**PROBLEM TO SOLVE**
For this exercise, repeat exactly the lines below starting at the line holding "Tana Toraja —" and ending at the line holding "Pont de Montereau", both included, with no extra lines and no pictures.

---------------

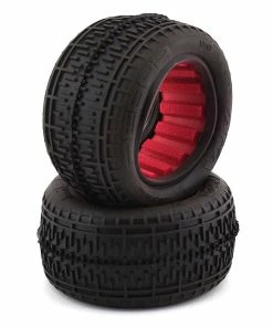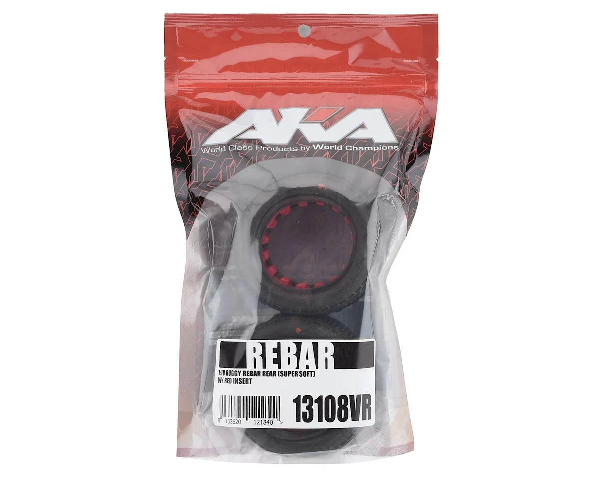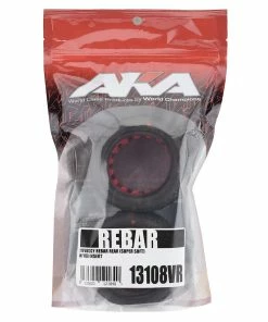 This is a pair of two AKA Racing Rebar 2.2 Rear Buggy Tires. These tires include red closed cell foam inserts. Mark Pavidis and Jared Tebo have teamed up to design AKA’s first 1/10 electric buggy tire, dubbed the REBAR. The REBAR has been developed for indoor tracks, as well as hard packed, bluegrooved outdoor tracks. The REBAR features double side rails on the edges of the tire that provide additional sidewall support, increasing side bite so your buggy stays planted in the turns. The wide staggered center lugs give the REBAR incredible forward traction to hook up the power and launch your buggy out of the corners and over jumps.
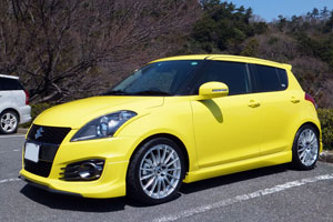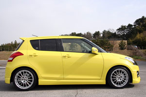 ■ スタイリング スイフトスポーツZC32Sは純正のサスキットでは、乗り心地を考慮してか、ダンパーストロークが大きく取ってある為、車高がスポーツタイプにしては高めである。分かりやすく例えるなら、ホイルハウスとタイヤとのスキが、握りこぶし一つ分ぐらい楽に入る程のスキがある。 STREET ADVANCE を取り付ける事により、車高が程よく下げられ、指一本半ぐらいのスキとなり(推奨車高値)、精悍なスタイリングが得られる。またアルミ、タイヤとも変えてあれば尚更、サイドビューが引き締まり、迫力のあるスタイリングになるかと思います。 STREET ADVANCE の車高推奨値はF-35mm R-30mm これはスタイリング、乗り心地等を考慮された数値で、とてもバランスがいいかと。 車高の下がり具合は、純正よりかなり下がっているが、フェンダーが被るようなベタベタな落ち具合ではなく、さり気ない落ち具合で、新型スイフトスポーツの車格とマッチして、ヨーロッパ車みたいな上品な感じで好感が持てる。
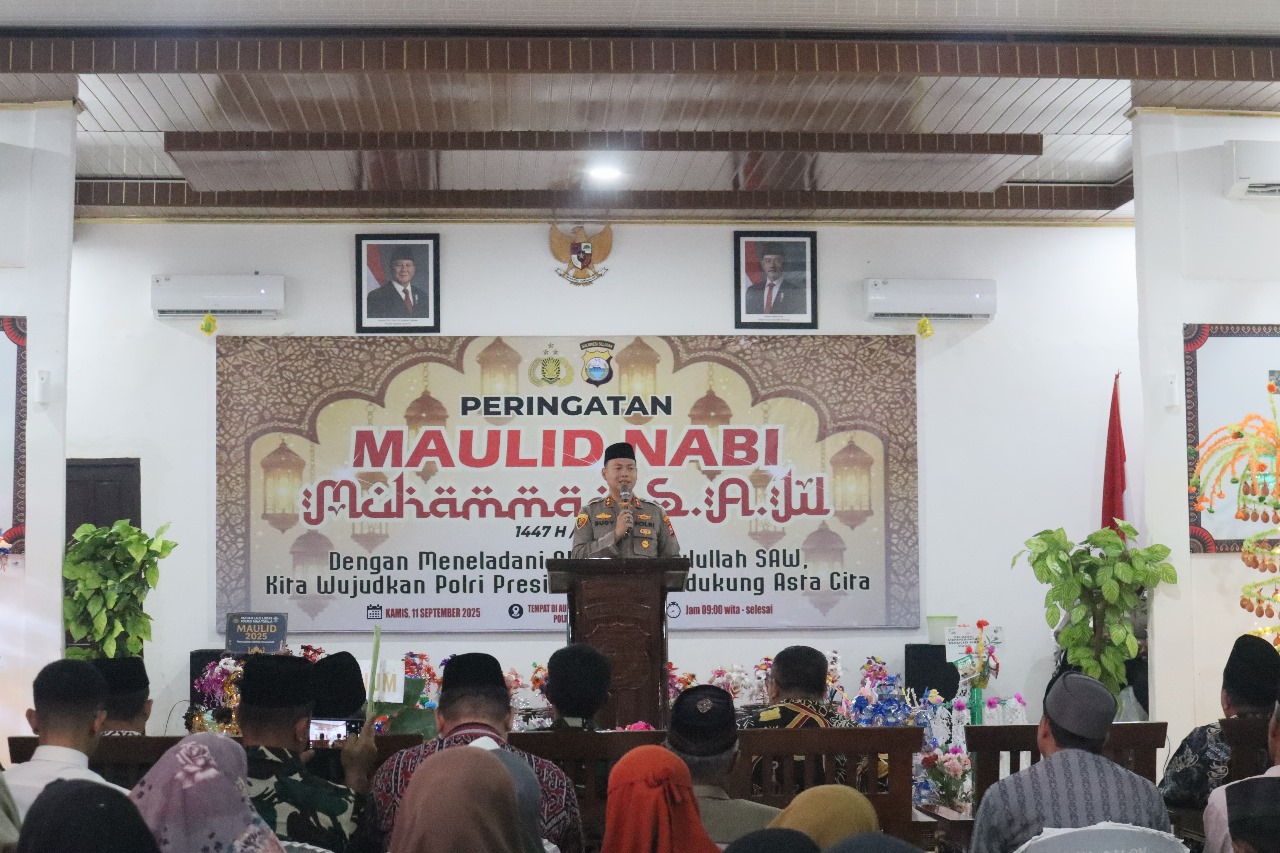Tana Toraja — Sebagai wujud syukur dan momentum untuk meneladani akhlak Rasulullah SAW, Polres Tana Toraja menggelar peringatan Maulid Nabi Muhammad SAW 1447 H / 2025 M di Aula Wicaksana Laghawa Polres Tana Toraja, Kamis (10/9/25).
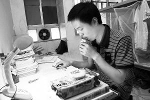 他租住在華師旁,15平方的房間200元一個月,除了衛生間,被一張高低床和一張書桌擠的滿滿當當。書桌上攤放著一本物理參考書,旁邊還堆著厚厚一摞課本和各種復習資料,桌上還有《古文觀止》、《道德經》等讀物。
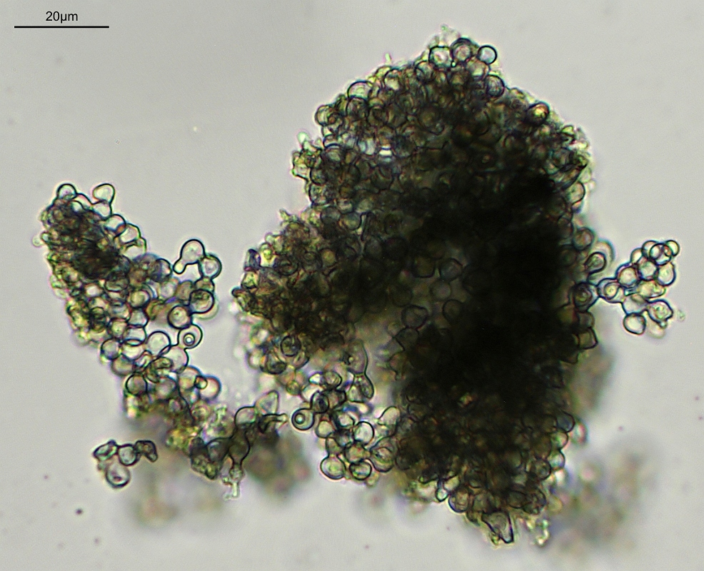 Die Konidienkugeln haben sich noch dunkler verfärbt:
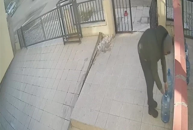 Eskişehir’de bir apartmanın önünde duran damacanaya asılı su parasının çalındığı anlar güvenlik kameralarına yansıdı.
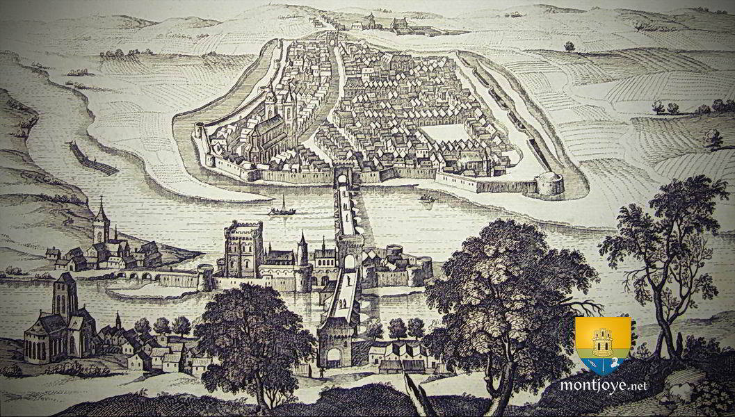 Pont de Montereau en 1660, vu de Surville, on voit nettement le château au centre. La rencontre entre le dauphin et Jean sans Peur s'est passée au centre à côté de la deuxième porte du pont.
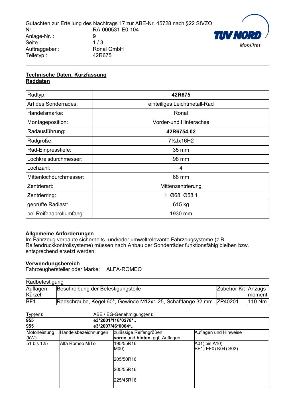 Stimmt die KBA-Nummer auf der Felge mit diesem Dokument überein?
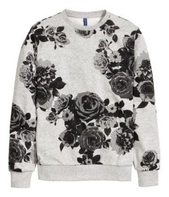 Graphic floral print sweatshirt in a soft grey melange cotton
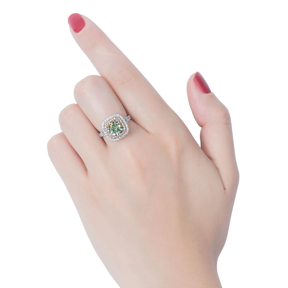 Piękny i niespotykany kolor głównego diamentu nadaje temu pierścionkowi niepowtarzalny look.

---------------

**FINAL ANSWER**
Tana Toraja — Sebagai wujud syukur dan momentum untuk meneladani akhlak Rasulullah SAW, Polres Tana Toraja menggelar peringatan Maulid Nabi Muhammad SAW 1447 H / 2025 M di Aula Wicaksana Laghawa Polres Tana Toraja, Kamis (10/9/25).
 他租住在華師旁,15平方的房間200元一個月,除了衛生間,被一張高低床和一張書桌擠的滿滿當當。書桌上攤放著一本物理參考書,旁邊還堆著厚厚一摞課本和各種復習資料,桌上還有《古文觀止》、《道德經》等讀物。
 Die Konidienkugeln haben sich noch dunkler verfärbt:
 Eskişehir’de bir apartmanın önünde duran damacanaya asılı su parasının çalındığı anlar güvenlik kameralarına yansıdı.
 Pont de Montereau en 1660, vu de Surville, on voit nettement le château au centre. La rencontre entre le dauphin et Jean sans Peur s'est passée au centre à côté de la deuxième porte du pont.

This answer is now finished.